Он, не задумываясь, рванул вперед и врезался прямо в протянутую руку Уайатт. Ощетинившись от ярости, она втиснулась между ними.

– Что, черт возьми, с вами не так?

Ее ослепительная улыбка, брошенная через плечо, была слишком идеальной.

– Со мной или с ним?

– С обоими. – Ветер швырнул волосы ей в глаза. – Я имею в виду, Боже, если кто-то и разозлится, то это буду я. Я имею полное право ненавидеть вас обоих, но вы же видите, что я не веду себя как неандерталец. У нас есть проблемы поважнее, чем какие-то глупые детские обиды.

– Он пытался убить тебя, Уайатт, – прозвучало вкрадчивое напоминание. – И он сделает это снова, как только у него появится шанс. Это что, глупая детская обида? Или теперь, когда он наконец-то уделил тебе хоть каплю внимания, все уже позади?

Она напряглась.

– Прошу прощения?

– Ты меня слышала.

На этот раз, когда гром прокатился по небу, он был прямо над головой.

– Ух ты. – Смех Уайатт был горьким. – Я и забыла, каким придурком ты можешь быть, когда захочешь.

Убрав руку с груди Питера, она зашагала прочь, не оглянувшись ни на кого из них, поглощенная дикими волнами луга. В тот момент, когда она скрылась, взгляд серых глаз скользнул к Питеру. Он сделал все, что мог, чтобы подавить в себе желание отшатнуться.

– Что, черт возьми, ты делаешь? – потребовал он ответа.

– Защищаю свои инвестиции, – последовал простой ответ. – В прошлый раз ты потерпел неудачу. Второго раза не будет.

Что-то серебристое описало дугу в воздухе, и предмет полетел в его сторону с идеальной точностью. Питер выбросил руки вперед как раз вовремя, чтобы поймать зажигалку Джеймса – ту самую, которую он оставил на безымянной могиле в роще. Он провел пальцем по вмятине, страх впился в его кожу, как клещ.

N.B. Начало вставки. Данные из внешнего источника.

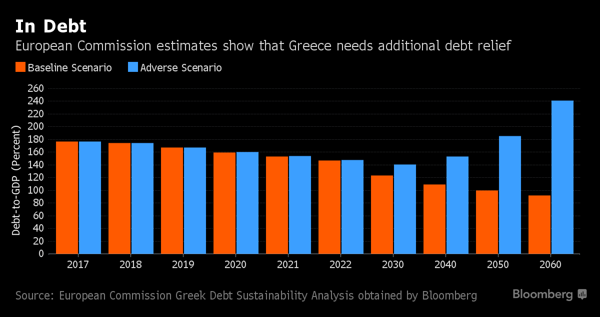 Η Κομισιόν βλέπει την ανάγκη για «εφαρμογή επιπρόσθετων μέτρων περιορισμού του χρέους που θα χτιστούν επί των όρων και των δεσμεύσεων που περιλαμβάνονται στις δηλώσεις του Eurogroup στις 25 Μαΐου και στις 15 Ιουνίου». Όπως αναφέρει το «δυσμενές σενάριο» της Κομισιόν, το χρέος μπορεί να φτάσει και το 241% του ΑΕΠ το 2060%.

Когда он поднял глаза, он был один, дождь лил как из ведра.

Сунув зажигалку в карман, он углубился в поля, чувствуя, как сердце колотится где-то в горле, а небо прорезают молнии. К тому времени, как он поднялся на холм, направляясь к роще, вооружившись ржавой лопатой, которую взял из дровяного сарая, он промок до костей.

Впереди виднелась часовня, освещенная белым светом под электрическим небом. Из земли торчали десятки и десятки крошащихся надгробий, его кости были оставлены в качестве скудных подношений чудовищу. Он прошел мимо них, даже не взглянув, направляясь к одинокому холмику в дальнем углу кладбища.

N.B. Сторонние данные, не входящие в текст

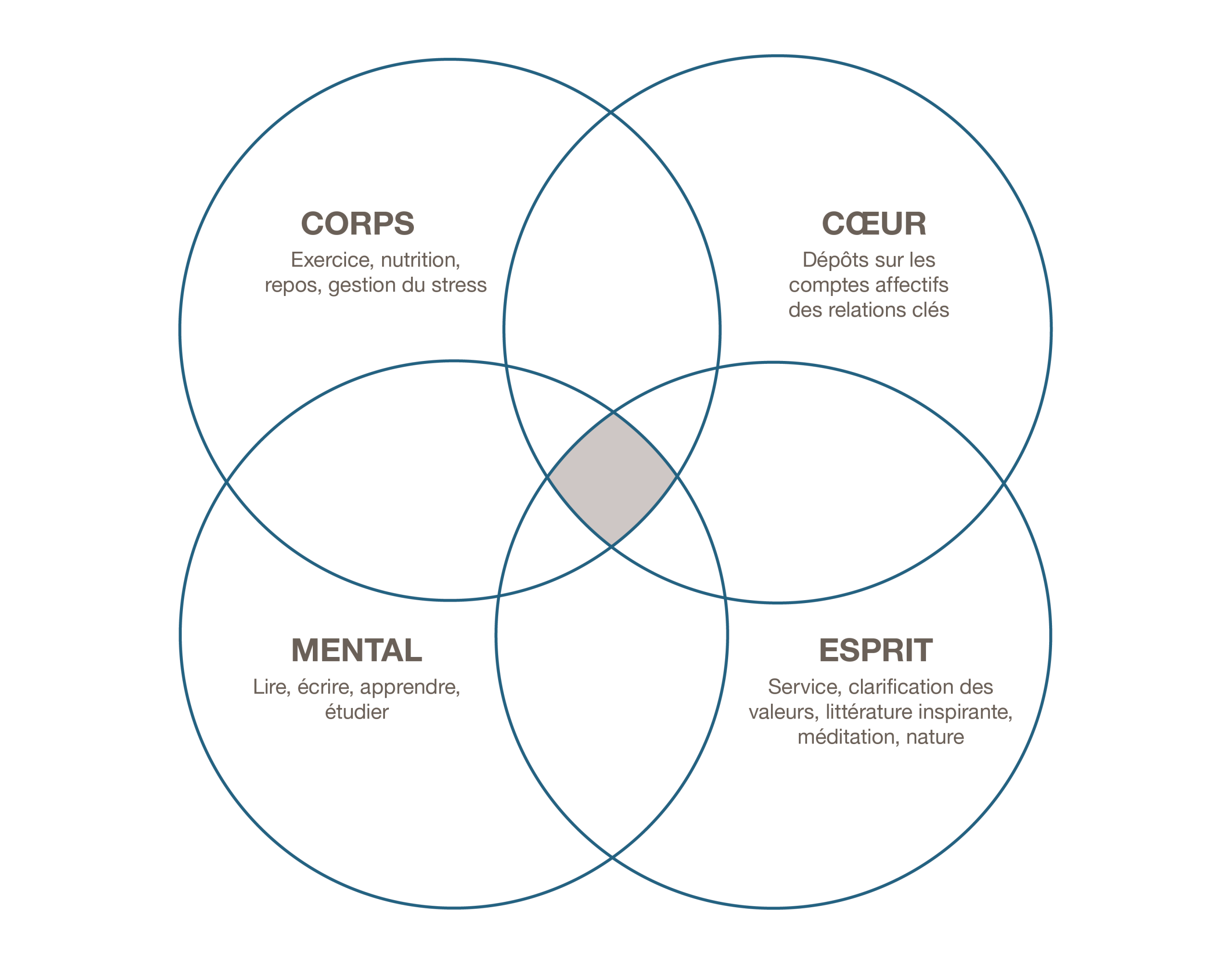 « Aiguisez vos facultés » signifie préserver et améliorer votre plus grand atout : vous-même. Cela signifie avoir un programme équilibré pour vous renouveler dans les quatre domaines de votre vie : physique, social/émotionnel, mental et spirituel.

Он не знал, что здесь делает, знал только то, что должен увидеть это своими глазами. Он должен был знать, что лицо, преследовавшее его, было не просто злой выдумкой, а самым настоящим… кукольным мальчиком с загадочной ухмылкой.

Полуослепший от проливного дождя, он начал копать. И копал. Наконец, его руки покрылись мозолями, а одежда потемнела от грязи, он отступил назад и воткнул лопату в землю. За деревьями бушевала буря, мрачная, как море.

А там, прямо перед ним, виднелась пустая могила Джеймса Кэмпбелла.


15. Уайатт

У Уайатт была лихорадка.

Она стояла в ванной наверху, босая и дрожащая. Стуча зубами, она рылась в аптечке в поисках чего-нибудь, что могло бы унять лихорадочную боль в коже.

Когда она была маленькой, мать часто говорила ей, что она умрет, стоя на улице под дождем. Она вбежала в дом после грозы – мокрые волосы холодными прядями прилипли к щекам – и нырнула в постель, испугавшись холода, который принесла с собой. В наши дни она знала, что это всего лишь суеверие. Так любят говорить взрослые, когда больше нечего сказать. Например, когда отец Джеймса предупредил их, что употребление кофе замедлит рост. Или когда тетя Вайолет сказала ей, что если она будет слишком долго косить глаза, то они навсегда останутся в таком положении.